» Task description: Once you find the line below that has "ДЖЕМПЕР ВЯЗАНЫЙ С", output it and every line after it exactly, stopping after the line that has "Geben Sie den", with no pictures.

Data supplied Start Marker

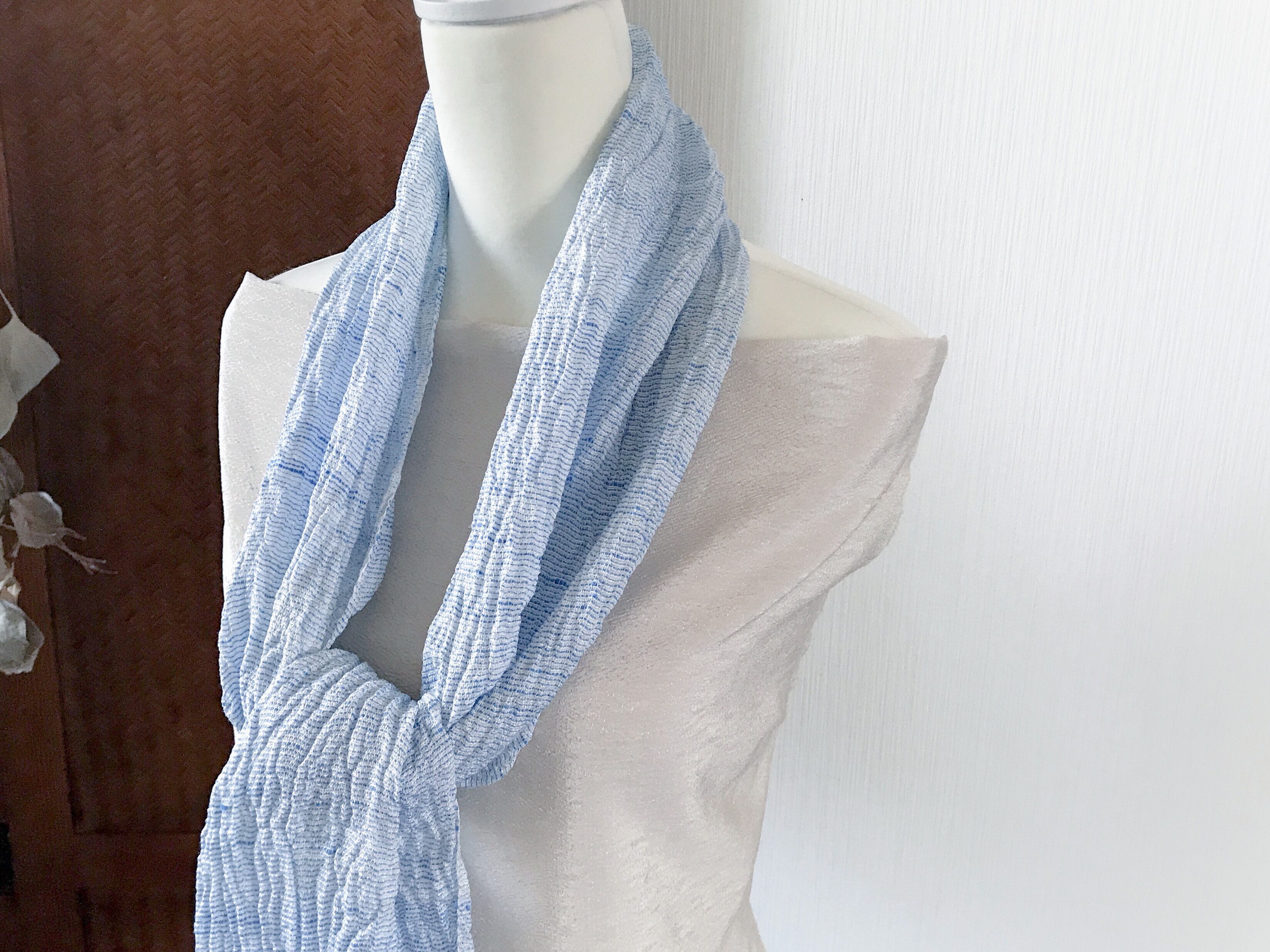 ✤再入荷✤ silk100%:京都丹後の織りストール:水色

Data supplied End Marker
Data supplied Start Marker

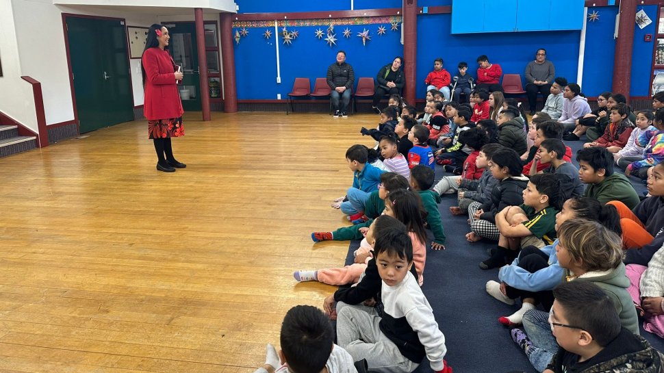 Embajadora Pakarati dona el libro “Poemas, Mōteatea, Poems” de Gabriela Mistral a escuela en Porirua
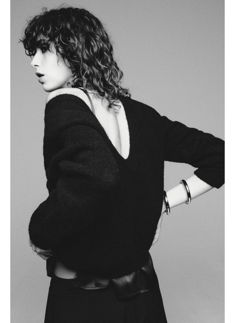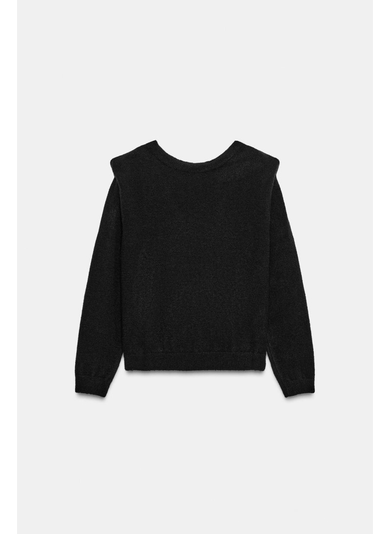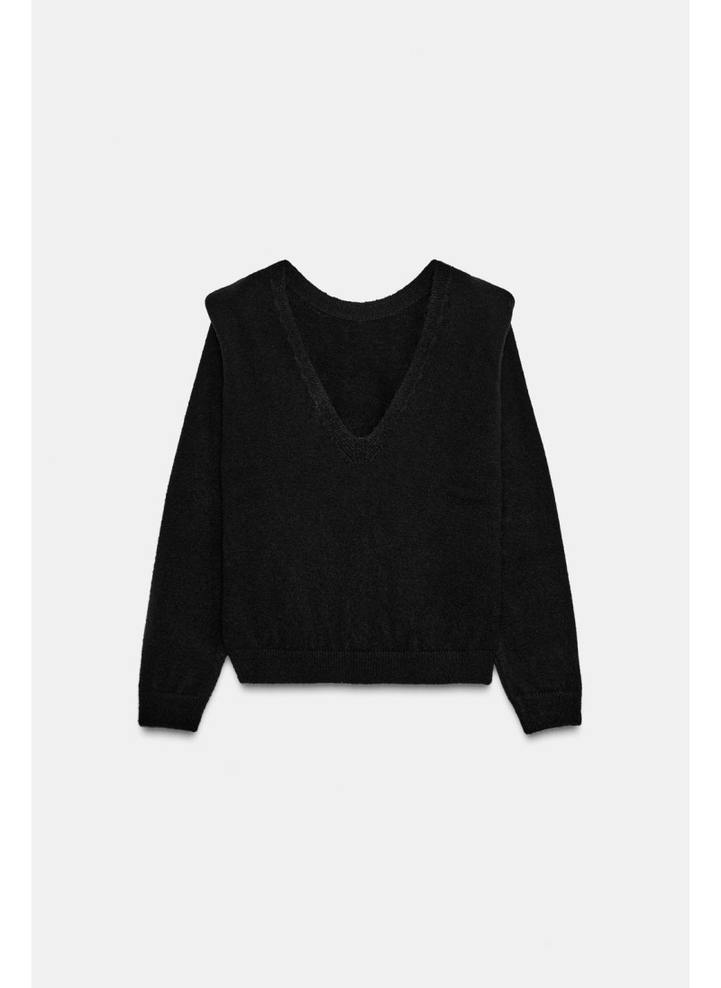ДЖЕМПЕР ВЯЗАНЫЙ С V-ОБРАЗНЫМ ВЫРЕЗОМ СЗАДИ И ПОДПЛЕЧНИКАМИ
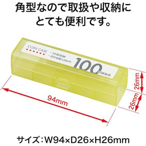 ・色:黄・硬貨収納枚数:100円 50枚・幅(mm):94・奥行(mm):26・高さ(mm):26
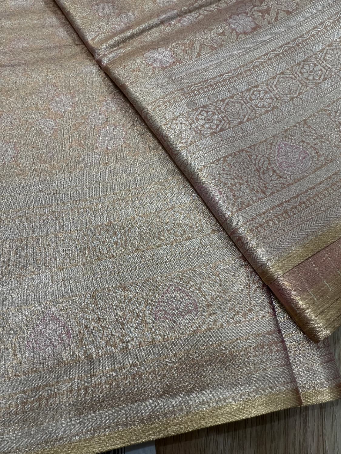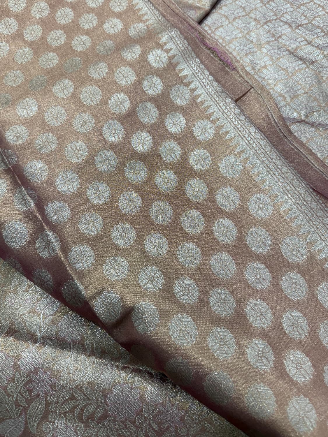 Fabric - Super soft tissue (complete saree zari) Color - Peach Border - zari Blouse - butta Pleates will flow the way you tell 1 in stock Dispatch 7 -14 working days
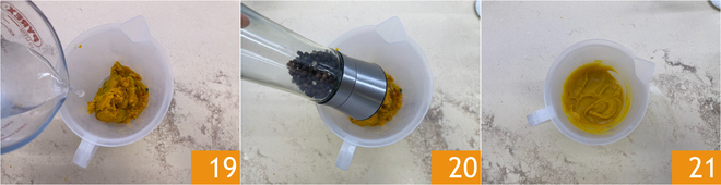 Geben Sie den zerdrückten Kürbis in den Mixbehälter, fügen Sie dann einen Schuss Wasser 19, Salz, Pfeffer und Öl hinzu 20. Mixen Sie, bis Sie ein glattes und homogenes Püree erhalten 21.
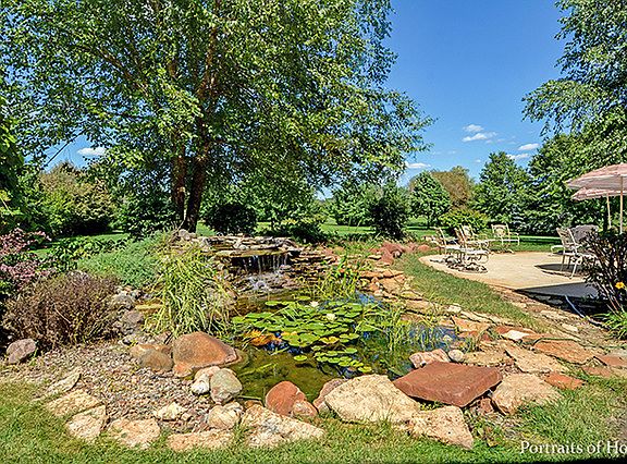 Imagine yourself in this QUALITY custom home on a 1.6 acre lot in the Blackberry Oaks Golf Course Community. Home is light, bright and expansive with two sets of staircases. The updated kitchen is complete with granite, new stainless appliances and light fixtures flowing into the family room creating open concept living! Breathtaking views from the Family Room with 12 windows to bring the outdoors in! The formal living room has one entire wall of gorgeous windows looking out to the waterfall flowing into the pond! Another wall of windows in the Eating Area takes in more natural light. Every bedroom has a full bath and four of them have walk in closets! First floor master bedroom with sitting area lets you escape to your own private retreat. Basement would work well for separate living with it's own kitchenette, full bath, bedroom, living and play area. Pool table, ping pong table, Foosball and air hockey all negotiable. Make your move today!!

Data supplied End Marker
Data supplied Start Marker

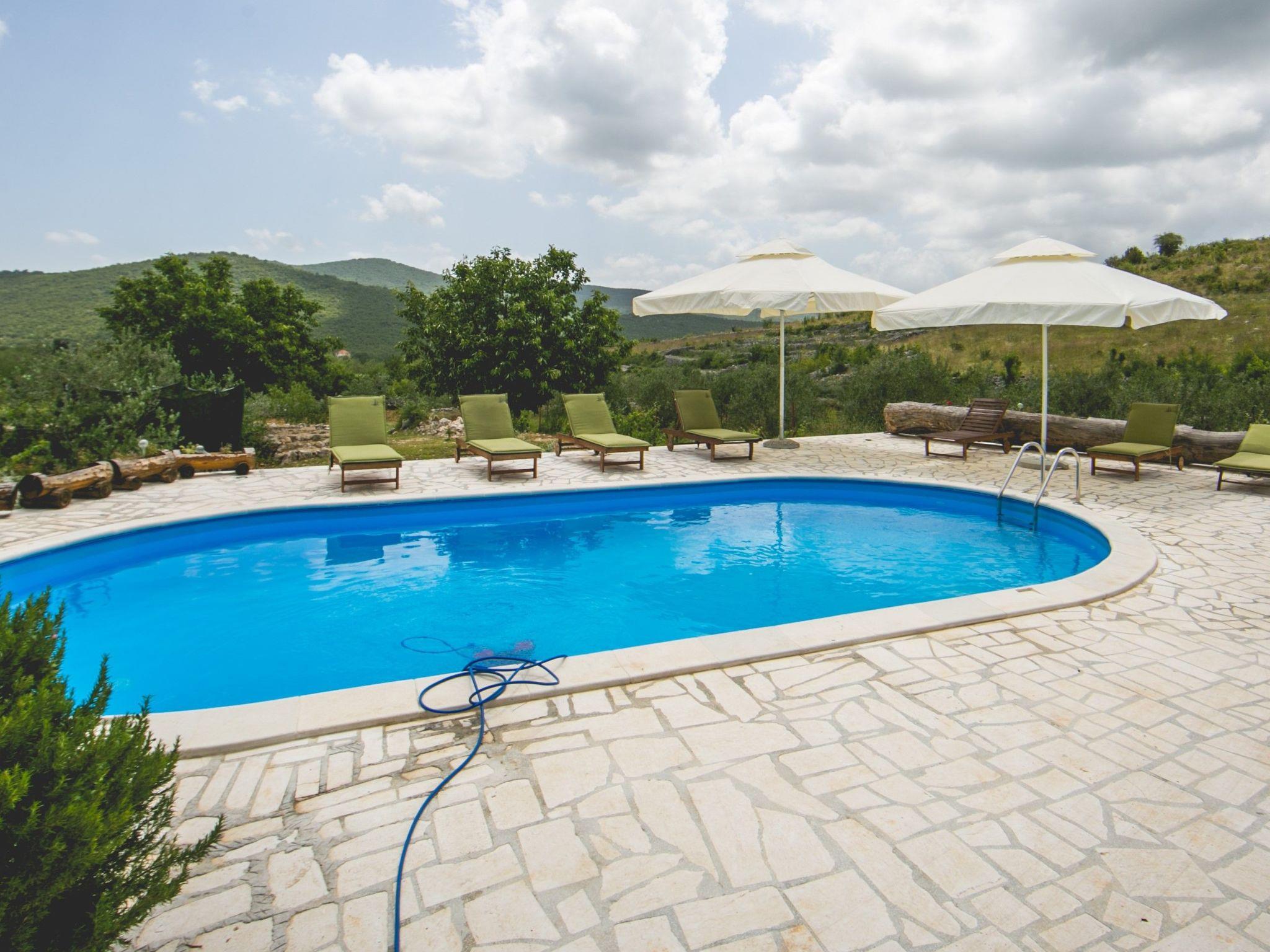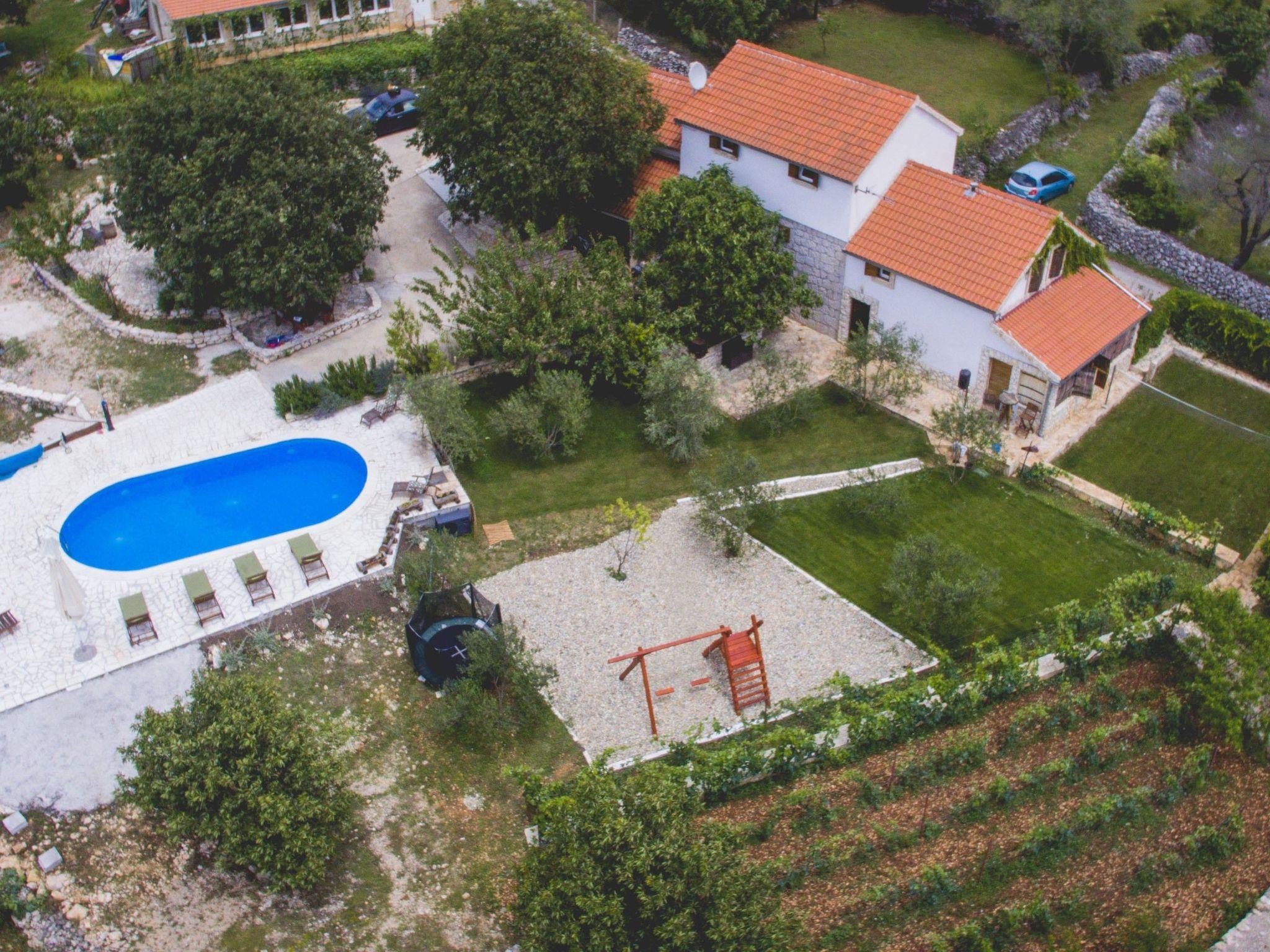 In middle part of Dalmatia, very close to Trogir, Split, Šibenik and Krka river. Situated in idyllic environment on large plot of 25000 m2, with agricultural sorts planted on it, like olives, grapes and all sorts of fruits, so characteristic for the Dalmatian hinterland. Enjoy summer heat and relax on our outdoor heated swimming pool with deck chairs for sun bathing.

Data supplied End Marker

» Answer section:
ДЖЕМПЕР ВЯЗАНЫЙ С V-ОБРАЗНЫМ ВЫРЕЗОМ СЗАДИ И ПОДПЛЕЧНИКАМИ
 ・色:黄・硬貨収納枚数:100円 50枚・幅(mm):94・奥行(mm):26・高さ(mm):26
 Fabric - Super soft tissue (complete saree zari) Color - Peach Border - zari Blouse - butta Pleates will flow the way you tell 1 in stock Dispatch 7 -14 working days
 Geben Sie den zerdrückten Kürbis in den Mixbehälter, fügen Sie dann einen Schuss Wasser 19, Salz, Pfeffer und Öl hinzu 20. Mixen Sie, bis Sie ein glattes und homogenes Püree erhalten 21.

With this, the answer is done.